The company calls it the “Great Cruise Comeback.” Following the pandemic pause and the gradual return of sailing, it’s safe to say that cruising has fully returned. In fact, it’s set to be back more than 100%… literally.
Norwegian Cruise Line Holdings Ltd. (NCLH) — the parent company behind NCL, Oceania, and Regent Seven Seas Cruises — is one of the three major cruise companies that trades publicly. And as a public company, it reports results each quarter to investors.
Since the company returned to sailing following the cruise pause, it has gradually returned to having more and more people on its ships. For instance, over all of 2022, NCLH saw a total occupancy of 72.8%. But that has continually increased. In just the last three months of 2022, occupancy was at 86.6%.
So the ships continued to see more passengers, but still didn’t sail completely full. Now the company is anticipating occupancy percentage to hit 100%… and even more.
In forward guidance that Norwegian released, it now says it expects to average 100% occupancy in the first quarter of 2023. And for the year overall, it expects occupancy of 103.5%.
How a 100%+ Occupancy Rate Is Possible
So how can a ship sail at more than 100% occupancy? The measure is defined as “the ratio of passenger cruise days to capacity days.”
Put simply, for each cabin on a ship there are expected to be two passengers for 100% occupancy. So if a ship has 2,000 cabins and sails with 4,000 passengers, then it reached the 100% metric.
Add in more people into a cabin and the occupancy level can go even higher.
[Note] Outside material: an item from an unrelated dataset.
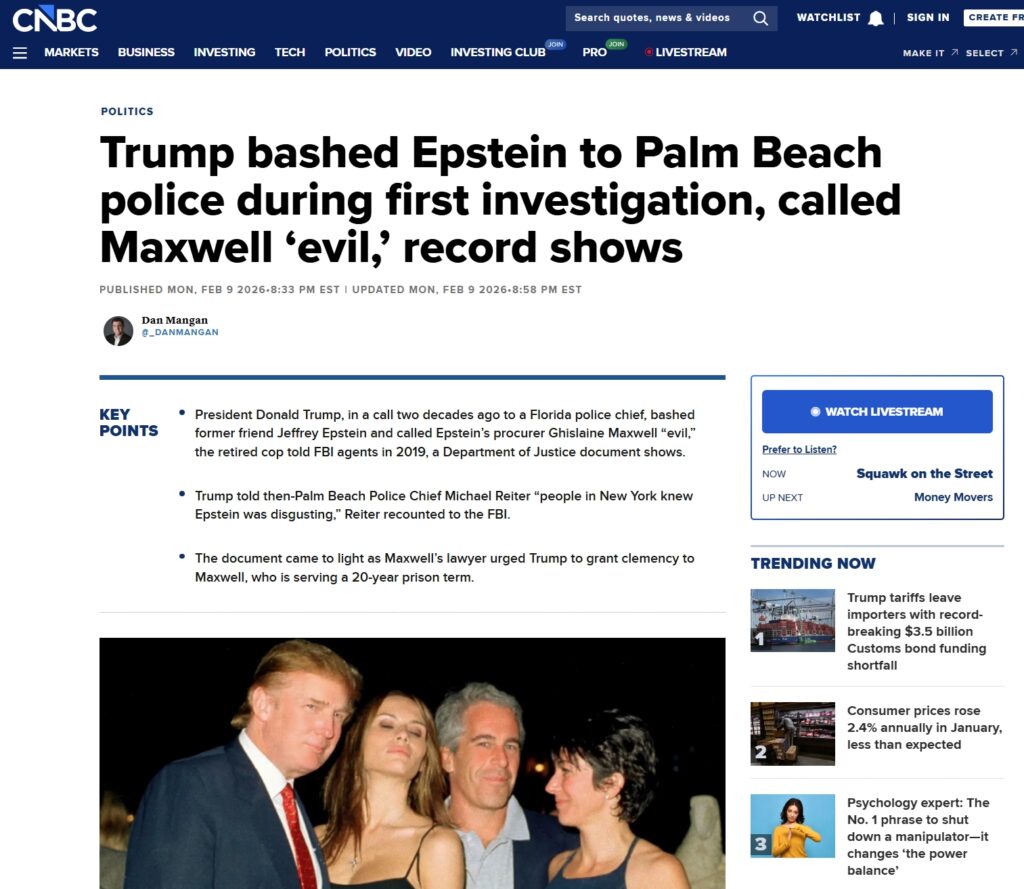 Trump a critiqué Epstein auprès de la police de Palm Beach lors de la première enquête, qualifiant Maxwell de « maléfique ».

For instance, when two parents and two kids sail in a cabin, then it bumps up the occupancy level. An expected rate of 103.5% for the coming year means NCLH expects each cabin occupied by two people on average, with a few sailing with more than two passengers.
Still Room for More Passengers
What might surprise you is that an occupancy of 100% — or even 103.5% — is still considered below normal.
In 2019, the last full year of sailing before the pause, NCLH saw an overall occupancy of 107.3%!
But it shouldn’t be long before cruises do reach that level again. In fact, while the company says that occupancy is expected to be 100% in the first quarter of 2023, it also disclosed it “is on track to reach historical levels for the second quarter.”
That boost in occupancy should also return NCLH to profitability soon. The company now expects to earn approximately $0.70 per share in 2023, compared to its loss of $5.41 per share last year.
So if you had been spoiled by having a little more elbow room since cruising resumed, you can plan on full ships going forward.